The listing below holds pictures; exclude them. Return exactly the lines from the one with "The taxi driver got" through the one with "サークルのところに近づくとす".

-------- Data for review --------

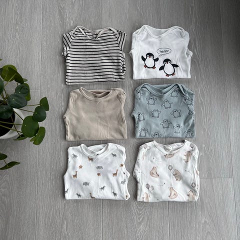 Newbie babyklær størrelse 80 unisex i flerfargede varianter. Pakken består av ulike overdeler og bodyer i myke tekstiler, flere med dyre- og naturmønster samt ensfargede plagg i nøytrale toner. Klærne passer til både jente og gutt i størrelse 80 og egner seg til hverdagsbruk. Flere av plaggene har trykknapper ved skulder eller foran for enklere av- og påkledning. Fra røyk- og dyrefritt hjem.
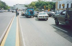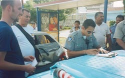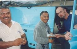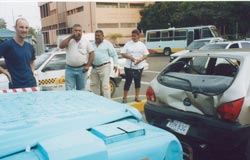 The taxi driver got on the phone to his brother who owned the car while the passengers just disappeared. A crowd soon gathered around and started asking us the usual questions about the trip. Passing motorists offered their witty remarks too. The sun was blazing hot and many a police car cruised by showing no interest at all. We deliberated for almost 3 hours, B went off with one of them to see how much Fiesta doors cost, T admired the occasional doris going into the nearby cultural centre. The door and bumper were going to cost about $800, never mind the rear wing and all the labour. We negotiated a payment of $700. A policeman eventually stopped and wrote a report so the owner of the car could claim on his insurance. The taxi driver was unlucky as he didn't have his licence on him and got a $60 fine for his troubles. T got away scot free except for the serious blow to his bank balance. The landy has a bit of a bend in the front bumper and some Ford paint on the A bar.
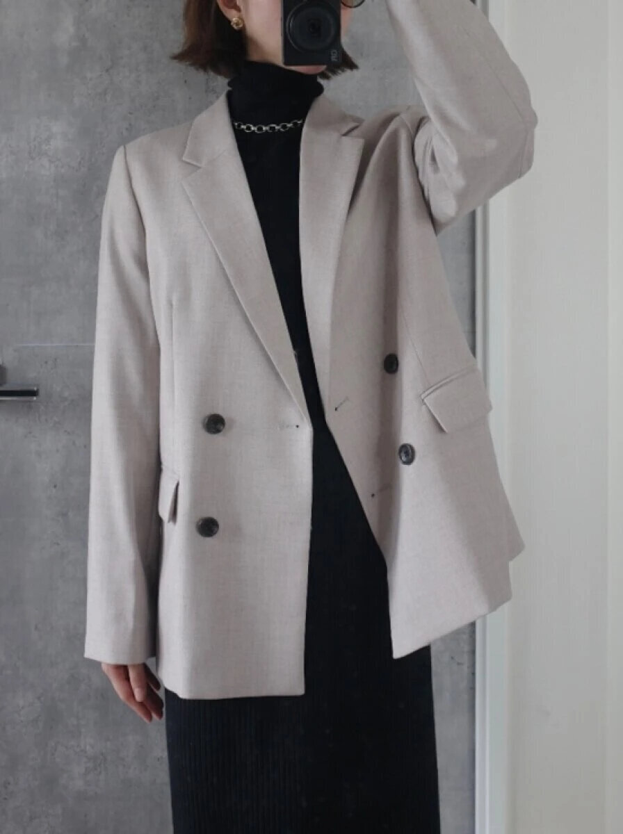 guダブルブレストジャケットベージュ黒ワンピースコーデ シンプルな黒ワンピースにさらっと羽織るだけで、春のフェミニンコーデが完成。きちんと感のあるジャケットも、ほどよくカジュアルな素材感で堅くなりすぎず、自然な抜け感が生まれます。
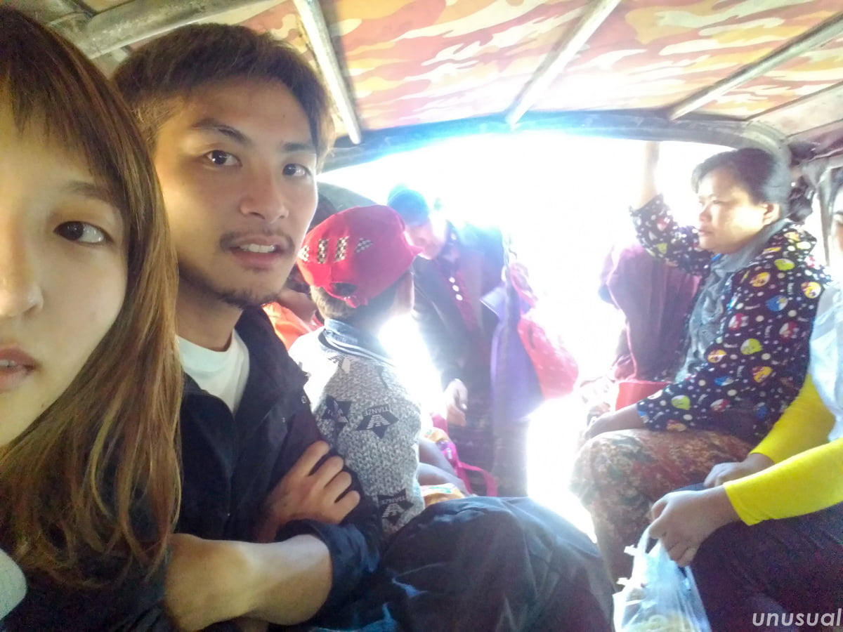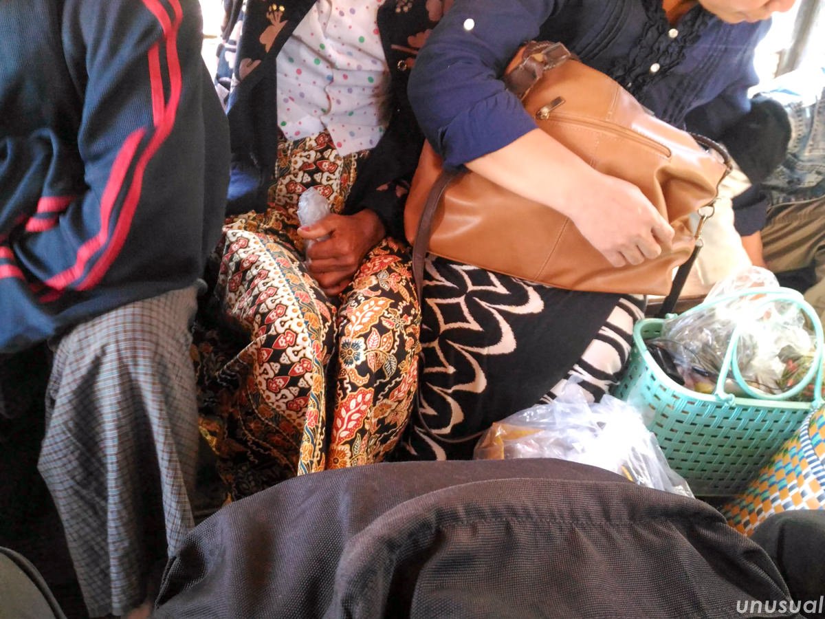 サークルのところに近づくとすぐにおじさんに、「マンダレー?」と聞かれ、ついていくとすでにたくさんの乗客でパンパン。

--------
-------- Data for review --------

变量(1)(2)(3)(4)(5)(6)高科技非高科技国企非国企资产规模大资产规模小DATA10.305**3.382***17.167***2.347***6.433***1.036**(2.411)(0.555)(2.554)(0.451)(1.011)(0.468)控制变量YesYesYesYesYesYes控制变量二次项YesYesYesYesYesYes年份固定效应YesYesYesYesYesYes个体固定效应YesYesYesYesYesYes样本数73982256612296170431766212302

--------

- _Answer to the problem_:
 The taxi driver got on the phone to his brother who owned the car while the passengers just disappeared. A crowd soon gathered around and started asking us the usual questions about the trip. Passing motorists offered their witty remarks too. The sun was blazing hot and many a police car cruised by showing no interest at all. We deliberated for almost 3 hours, B went off with one of them to see how much Fiesta doors cost, T admired the occasional doris going into the nearby cultural centre. The door and bumper were going to cost about $800, never mind the rear wing and all the labour. We negotiated a payment of $700. A policeman eventually stopped and wrote a report so the owner of the car could claim on his insurance. The taxi driver was unlucky as he didn't have his licence on him and got a $60 fine for his troubles. T got away scot free except for the serious blow to his bank balance. The landy has a bit of a bend in the front bumper and some Ford paint on the A bar.
 guダブルブレストジャケットベージュ黒ワンピースコーデ シンプルな黒ワンピースにさらっと羽織るだけで、春のフェミニンコーデが完成。きちんと感のあるジャケットも、ほどよくカジュアルな素材感で堅くなりすぎず、自然な抜け感が生まれます。
 サークルのところに近づくとすぐにおじさんに、「マンダレー?」と聞かれ、ついていくとすでにたくさんの乗客でパンパン。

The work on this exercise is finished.